Traditional shadow removal networks often treat image restoration as an unconstrained mapping, lacking the physical interpretability required to balance localized texture recovery with global illumination consistency. To address this, we propose CFSR, a multi-modal prior-driven framework that reframes shadow removal as a physics-constrained restoration process. By seamlessly integrating 3D geometric cues with large-scale foundation model semantics, CFSR effectively bridges the 2D-3D domain gap. Specifically, we first map observations into a custom HVI color space to suppress shadow-induced noise and robustly fuse RGB data with estimated depth priors. At its core, our Geometric & Semantic Dual Explicit Guided Attention mechanism utilizes DINO features and 3D surface normals to directly modulate the attention affinity matrix, structurally enforcing physical lighting constraints. To recover severely degraded regions, we inject holistic priors via a frozen CLIP encoder. Finally, our Frequency Collaborative Reconstruction Module (FCRM) achieves an optimal synthesis by decoupling the decoding process. Conditioned on geometric priors, FCRM seamlessly harmonizes the reconstruction of sharp high-frequency occlusion boundaries with the restoration of low-frequency global illumination. Extensive experiments demonstrate that CFSR achieves state-of-the-art performance across multiple challenging benchmarks.

Editorial analysis

A structured set of objections, weighed in public.

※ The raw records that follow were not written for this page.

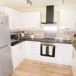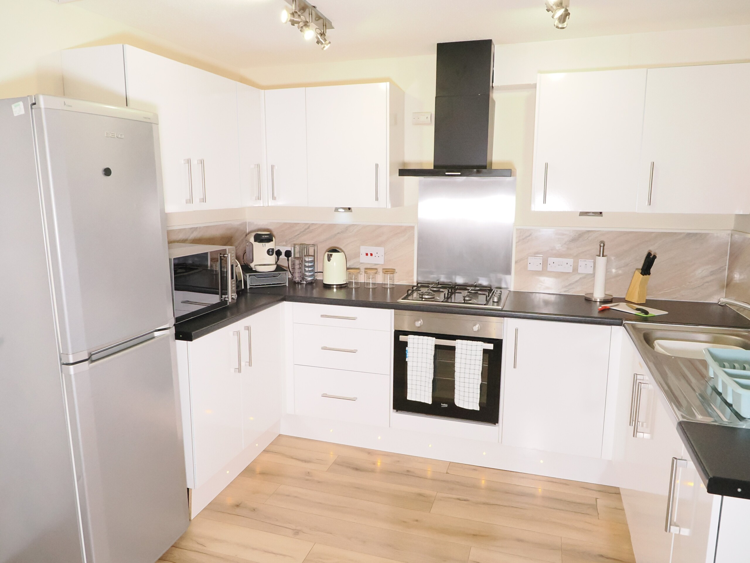 Modern Kitchen with separate Sitting Area, 2 Large Bathrooms, one with Shower / bath and the other with shower.
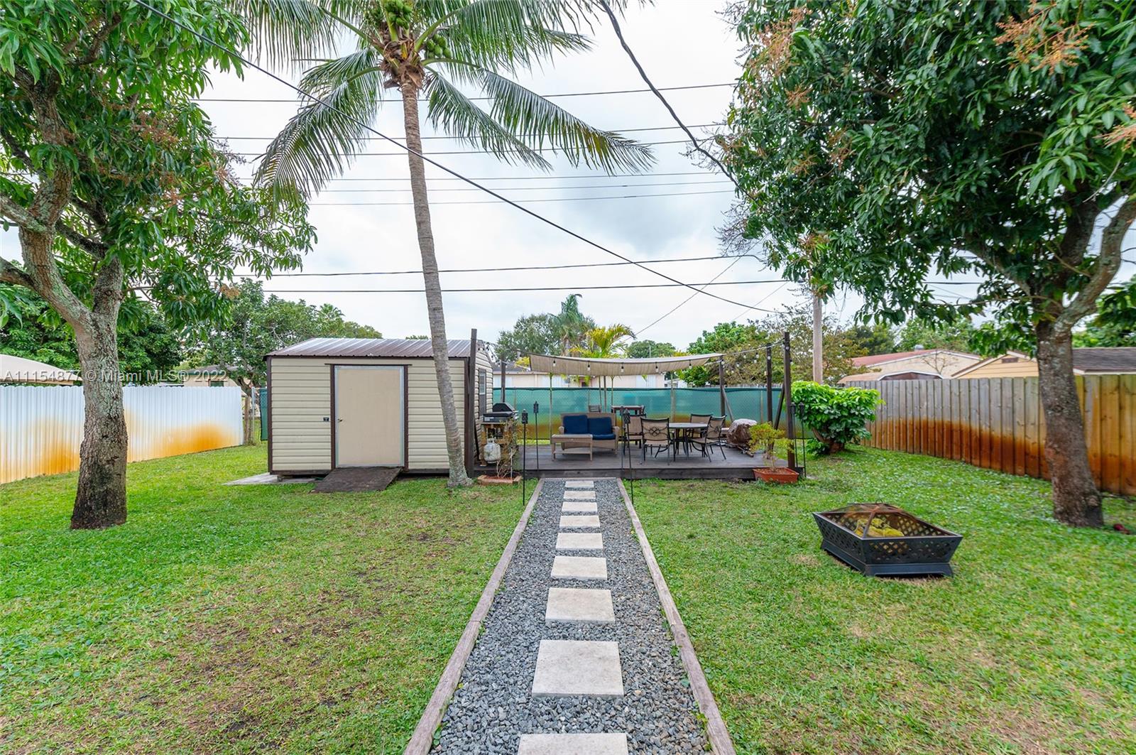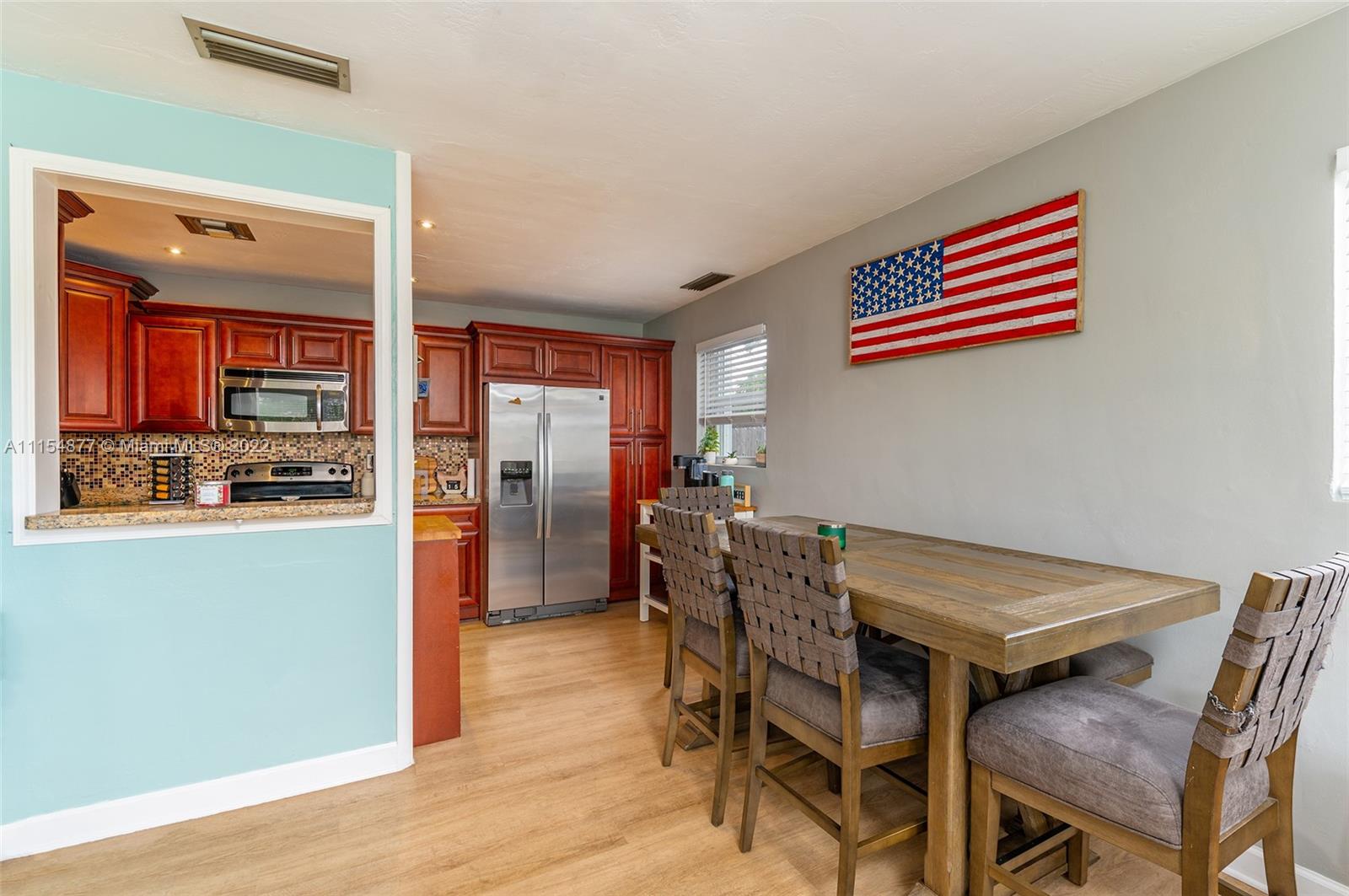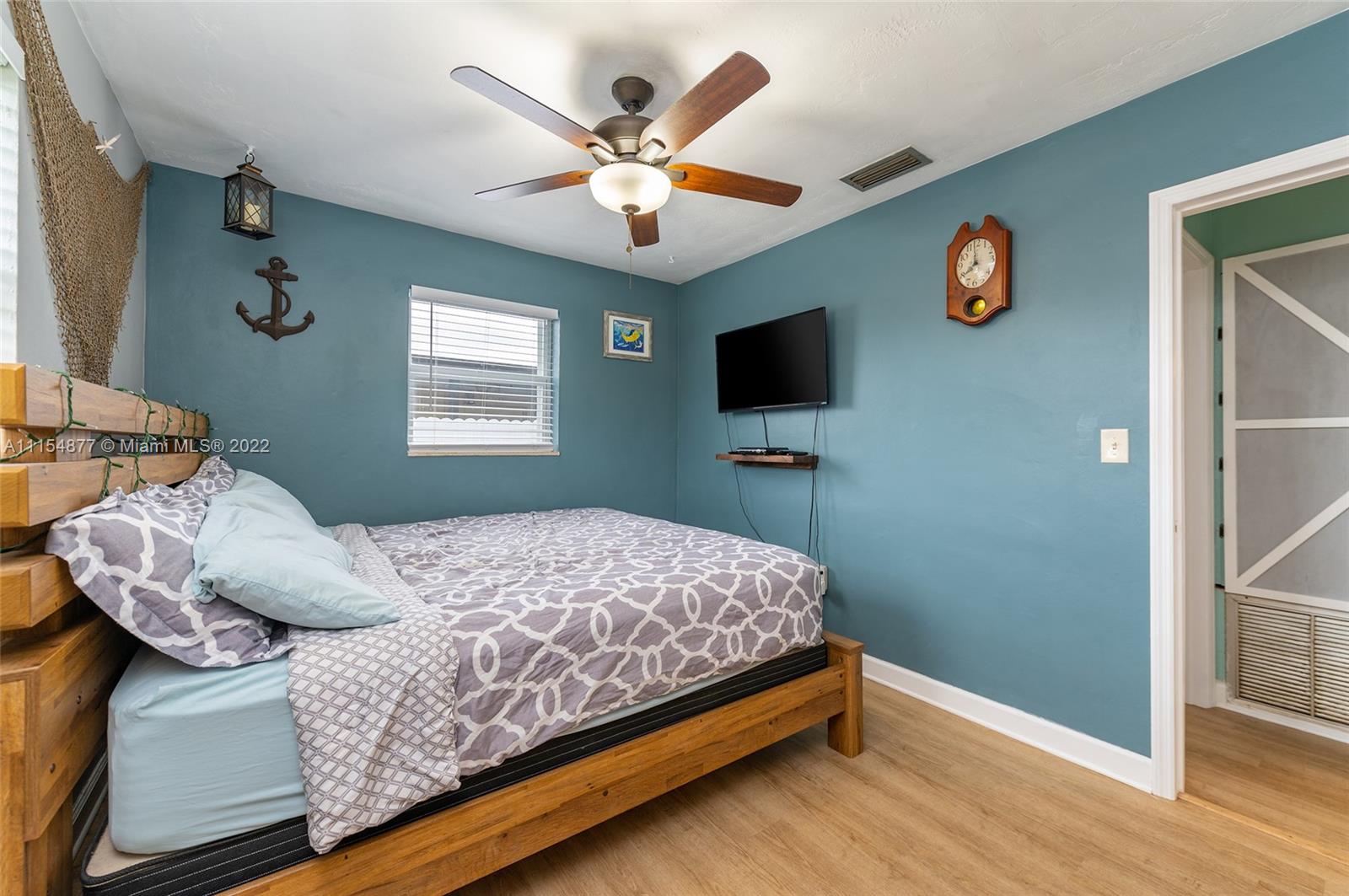 Beautiful 3/1 converted to a 2/1 to create a larger living room space/family area. New closet doors in bedrooms. Roof is 1 year old, accordion shutters throughout home and AC is 2 years old. Kitchen includes granite countertops with mosaic tile backsplash and stainless-steel appliances. Bathroom just remodeled this year, with brand new tile shower. Home was freshly painted 3 years ago, laminate flooring throughout. Large fenced in backyard with enough room to park vehicle or boat on either side. Stone walkway leading to large deck perfect for outdoor seating and BBQ. Full size washer/dryer in laundry room. This home also features security camera surveillance system for the next buyer.
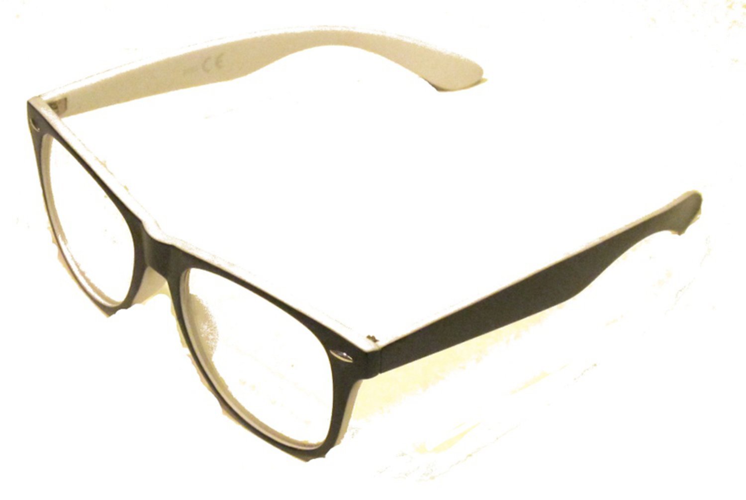 Lasit läpinäkyvillä linsseillä ja mustat valkoisilla kehyksillä
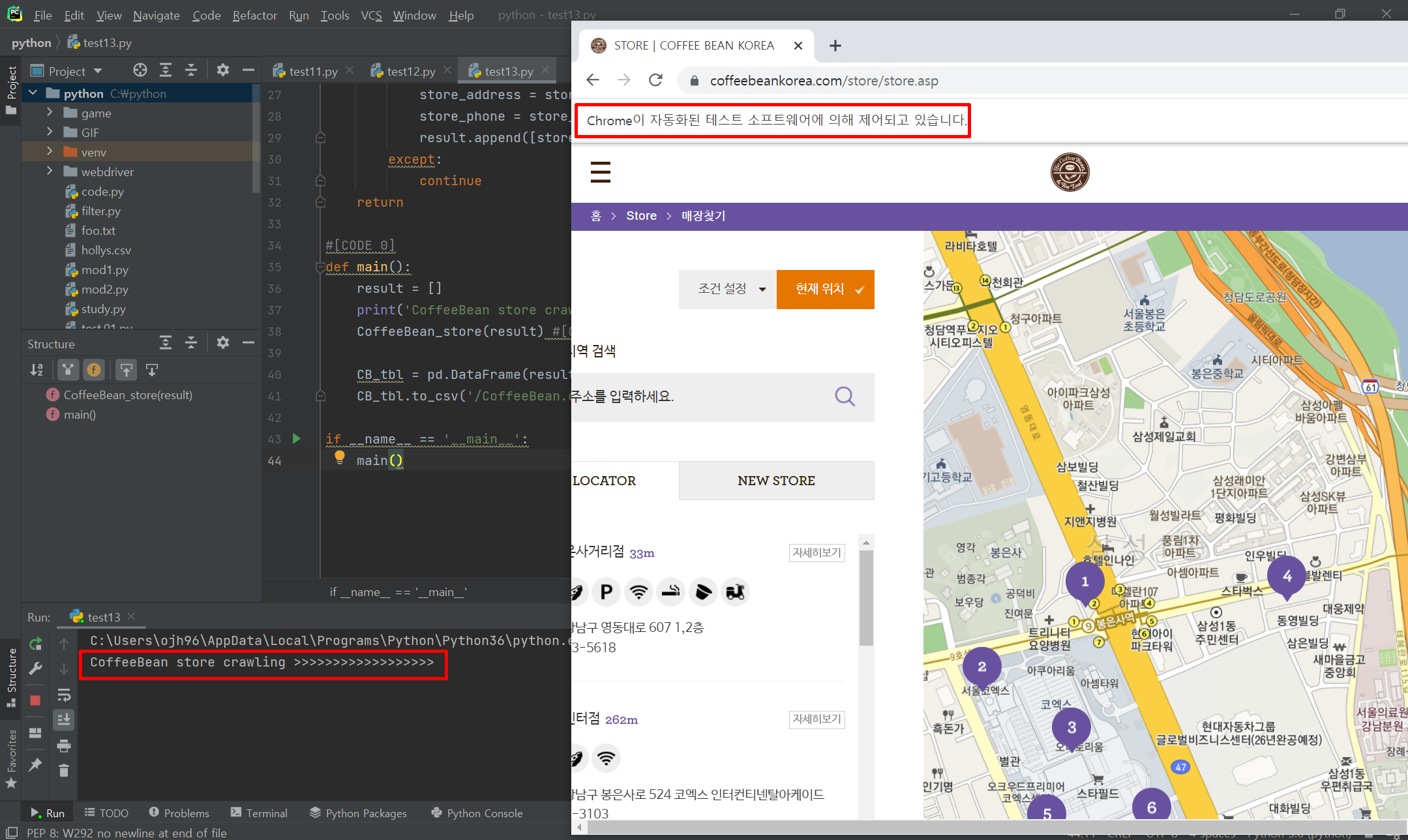 커피 브랜드 중 하나인 커피빈 전국 매장 정보를 크롤링 합니다.

Desk editor's note, referee report, simulated authors' rebuttal, and a circularity audit. Tearing a paper down is the easy half of reading it; the pith above is the substance, this is the friction.

Desk Editor's Note private letter to a colleague

CFSR is a new shadow removal network with some fresh module combinations but the physical disentanglement claim rests on architecture description rather than shown constraints or diagnostics.

read the letter

The paper's main contribution is CFSR, which combines HVI color space mapping, depth fusion, DINO features plus normals in a dual guided attention block that modulates the affinity matrix, frozen CLIP priors, and a Frequency Collaborative Reconstruction Module. This specific stack of priors and the way they are wired together looks like a genuine new architecture for the shadow removal task rather than a minor tweak on existing networks. The approach tries to make the restoration more structured by conditioning on geometry and semantics, which is a reasonable direction for handling the 2D-3D gap in lighting consistency. The frequency module for separating high-frequency boundaries from low-frequency illumination is a sensible addition that could help with the usual trade-offs in these problems. What is less clear is whether the attention modulation actually imposes physical lighting constraints or simply supplies useful learned features. The abstract describes the mechanism but does not mention any explicit loss term, albedo invariance check, or edge consistency diagnostic that would show the physics framing is doing more than standard attention. Experiments are claimed to be state-of-the-art on multiple benchmarks, yet the provided text gives no numbers, baselines, or ablations, so the size of any improvement is unknown. The work is aimed at computer vision researchers focused on image restoration and editing applications. It is coherent enough on its own terms to warrant a serious referee, though reviewers will need to see the full experiments and controls before the physical claims can be taken at face value. I would send it out for review with requests for those diagnostics and ablations.

Referee Report

3 major / 2 minor

Summary. The paper proposes CFSR, a multi-modal shadow removal network that maps inputs to a custom HVI color space, fuses RGB with depth priors, employs Geometric & Semantic Dual Explicit Guided Attention (modulating attention via DINO features and 3D normals), injects frozen CLIP priors for degraded regions, and uses a Frequency Collaborative Reconstruction Module (FCRM) to separately handle high-frequency boundaries and low-frequency illumination. It claims this reframes shadow removal as physics-constrained restoration that bridges the 2D-3D gap and achieves state-of-the-art results on multiple benchmarks.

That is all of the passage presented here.